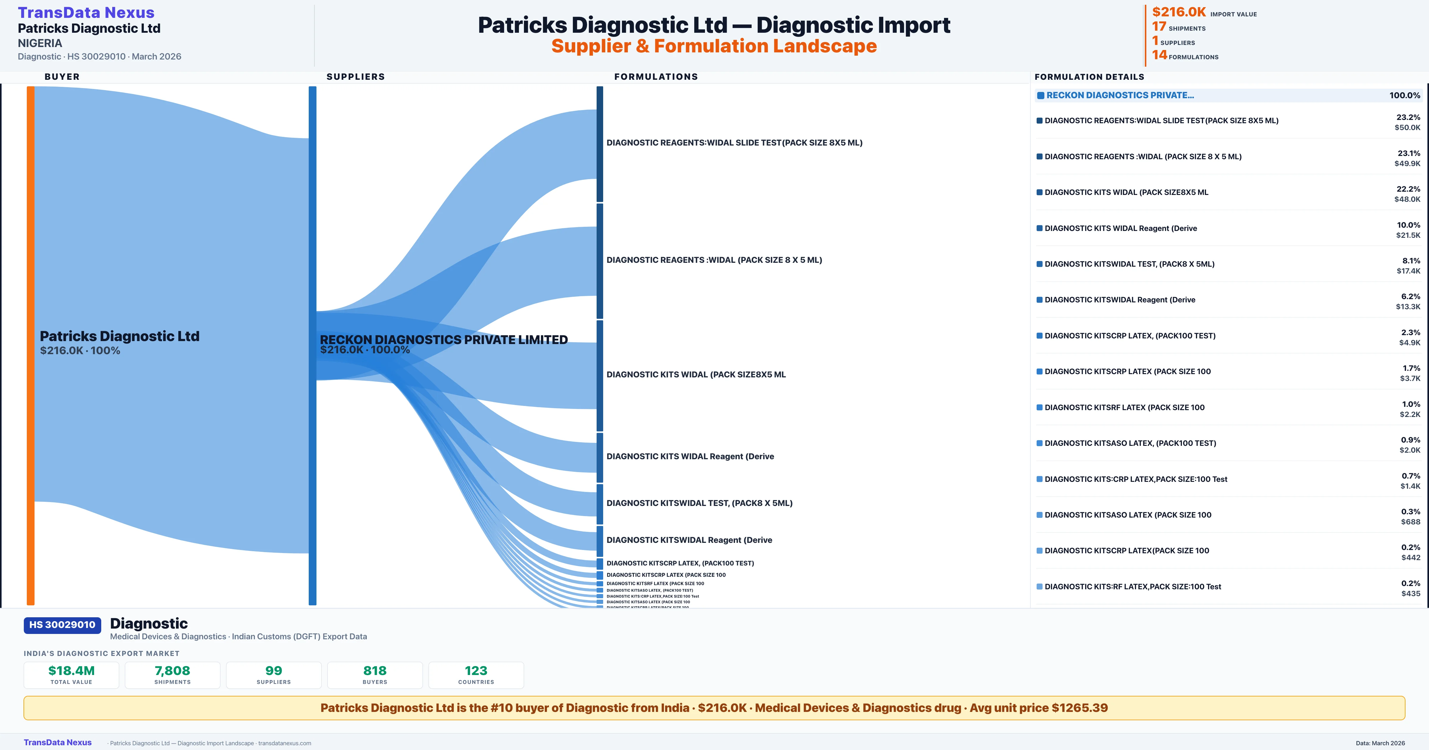PATRICKS DIAGNOSTIC LTD sources Diagnostic from 1 verified Indian supplier: RECKON DIAGNOSTICS PRIVATE LIMITED ($216.0K, 100.0%). This is based on 17 customs records.
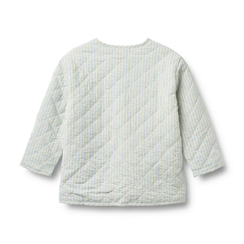 Стеганая куртка в полоску из органического хлопка с легким утеплителем. Застежка на пуговицы спереди, свободный крой, мягкая окантовка по вырезу и низу. Классический фасон дополняет любой образ. Носится отдельно как легкая куртка поверх футболки или как дополнительный слой под верхнюю одежду в холодную погоду. Подходит для весны, лета, ранней осени. Хорошо сочетается с шортами, брюками, юбками.
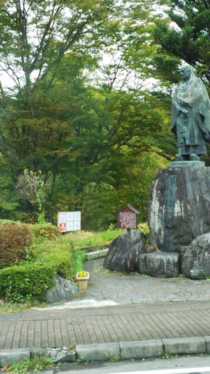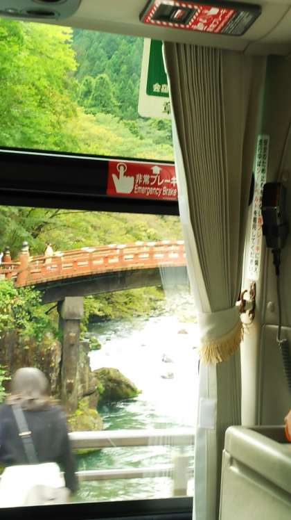 [6年生]12:35 羽生ICから東北道に入り、日光宇都宮道路を経由して日光市内に入りました。日光のシンボル天海大僧正の像がお出迎えです。日本三大奇橋「神橋」も車窓から見えました(写真がいまいち・・・)。
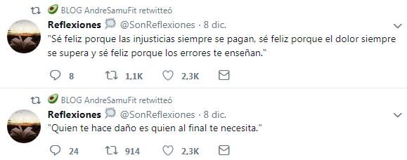 Pese a que la modelo decidió no contestar ninguno de los comentarios negativos, sí siguió tuiteando filazos: “Actualmente numerosos programas en Internet y televisivos están dando aún más importancia a asuntos de escasa trascendencia como la vida privada de otras personas famosas, pero despiertan un gran interés entre el público. Perspectiva estrictamente periodística”.
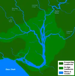 Port Phillip formed between the end of the last Ice Age around 8000 BCE and around 6000 BCE,[3] when the sea-level rose to drown the vast river plains, wetlands and lakes at what was then the lower reaches of the Yarra River. The ancient Yarra and its tributaries (the other present-day rivers of the Port Phillip catchment) flowed down what is now the middle of the bay, formed a coastal lake in the southern reaches of the bay dammed by The Heads, and subsequently pouring out into a closed bay that formed over the western portion of the prehistoric Bassian Plain, which was later completely flooded and became Bass Strait.[4]
——
:: TASK ::
Your task is to copy only the lines above starting at the one containing "Стеганая куртка в" and ending at the one containing "Pese a que la". Copy them exactly, both ends included, and omit the pictures.

:: RESPONSE TO THIS EXERCISE ::
 Стеганая куртка в полоску из органического хлопка с легким утеплителем. Застежка на пуговицы спереди, свободный крой, мягкая окантовка по вырезу и низу. Классический фасон дополняет любой образ. Носится отдельно как легкая куртка поверх футболки или как дополнительный слой под верхнюю одежду в холодную погоду. Подходит для весны, лета, ранней осени. Хорошо сочетается с шортами, брюками, юбками.
 [6年生]12:35 羽生ICから東北道に入り、日光宇都宮道路を経由して日光市内に入りました。日光のシンボル天海大僧正の像がお出迎えです。日本三大奇橋「神橋」も車窓から見えました(写真がいまいち・・・)。
 Pese a que la modelo decidió no contestar ninguno de los comentarios negativos, sí siguió tuiteando filazos: “Actualmente numerosos programas en Internet y televisivos están dando aún más importancia a asuntos de escasa trascendencia como la vida privada de otras personas famosas, pero despiertan un gran interés entre el público. Perspectiva estrictamente periodística”.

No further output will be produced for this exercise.